Air freight helped boost the Global Forwarding division by 19.5% to total revenues of $707.8m, with net revenue in air up 104%, despite a 35.5% fall in volumes. A 64.5% net revenue increase “was driven primarily by some large projects within our project logistics business”.
Ocean saw net revenue fall 7.8%, with an 8.5% fall in volumes. Customs net revenue fell 16.5% as transaction volumes fell 17%, while operating expenses fell 9.7%, as the company cut travel and staff costs, with short-term cost cuts amounting to $40m in the quarter, which is expected to rise to $80m in the full year.
“These short-term cost controls were put in place when they were greatly needed and demonstrate our ability to flex our cost structure as our business cycles change,” said Mr Biesterfeld. “We’ve learned a lot, as we’ve managed through the pandemic, about how to be more agile, how to work and to sell differently, how to collaborate and communicate more effectively, and how to serve our customers and carriers in new ways.”
As other companies have seen, the number of B2B digital transactions, from automated truckload bookings to location updates and tenders, rose “exponentially”, with more than 1bn transactions anticipated for the full year.

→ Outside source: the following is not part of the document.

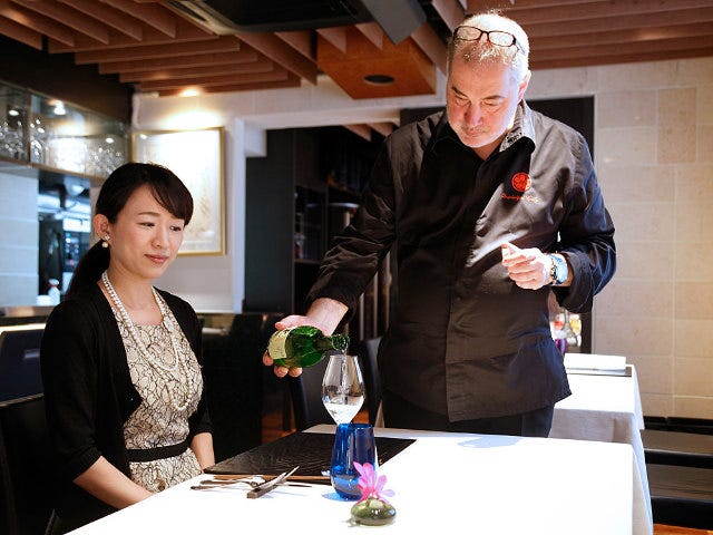 シェフのドミニク・コルビさんは赤坂の『トゥールダルジャン』など、数々の名店で料理長を務められた方で、在日20年以上になります。15年ほど前に、日本酒の会でテイスティングしたのをきっかけに日本酒の魅力に目覚め、多くの蔵を訪れ、今のお店でも日本酒を多く揃えています。

M&A could still be on the cards, said Mr Zechmeister, adding: “We continue to maintain a strong pipeline of opportunities… The current environment is certainly favourable from a borrowing standpoint to the extent that financing is needed.”
Would CH Robinson look to buy a digital forwarder?
“Anecdotally, we’ve heard some stories from shippers that some of the new entrants have become less aggressive in pricing, but that’s really pretty situational, “ said Mr Biesterfeld.
“In terms of M&A, we’re always going to look at the best way to deploy our capital, [by] driving long term shareholder value through a risk-adjusted return basis. Any deal we do we expect to be accretive to EPS in the long term. And for us to consider M&A, we need to be adding either new capabilities, expanding our global footprint, making the improvements to our technology.”